The PRNT validation and the establishment of a serum panel for assay monitoring must be successfully finished for a PRNT assay to produce accurate and trustworthy data, which is essential in epidemiology and immunization investigations, as well as to ensure test repeatability over time.

The lack of a cohort of individuals tracked from the moment of collection before immunization through the second or third dose of vaccine to follow the unique humoral response and the limited number of participants with severe symptoms are the study’s limitations. Another point that could have been included was at least one more respiratory virus tested in specificity assays.

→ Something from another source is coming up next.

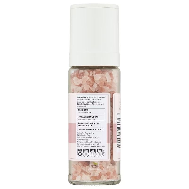 [Expiry: 22/03/2027] Woolworths Himalayan Pink Salt Refillable Grinder 250g

In conclusion, the present study provides significant improvements in the PRNT assay for NAb detection through the optimal seeded cell concentration, viral input, and overlayer concentration, providing a reliable serological test for evaluating NAbs. Furthermore, our work determined the cut-off point to be just above (>14) instead of using the first dilution to determine the negative samples, increasing the reliability of the PRNT assay, according to the ROC curve. The validated PRNT assay detected different levels of neutralizing antibodies, which is relevant for identifying a range of neutralizing antibody titers from low to medium and high levels. In most individuals, SARS-CoV-2 infection or vaccination elicits robust neutralizing antibody titers, and in vaccinated individuals, NAb levels increased more than three-fold. As SARS-CoV-2 infection remains a worldwide problem, together with mass vaccination of the population, it is important to have a gold partner test, as described here (PRNT-SARS-CoV-2), to measure the specific Nab titer, used as a reference to other methods of antibody quantification to help fill some gaps related to epidemiological perspectives of surveillance policies. Therefore, the quantity of specific and functional humoral immune responses to SARS-CoV-2 is crucial to make decisions in public policies, ensuring the monitoring and orientation of the duration of the vaccine response and evaluating future vaccine candidates for COVID-19 control.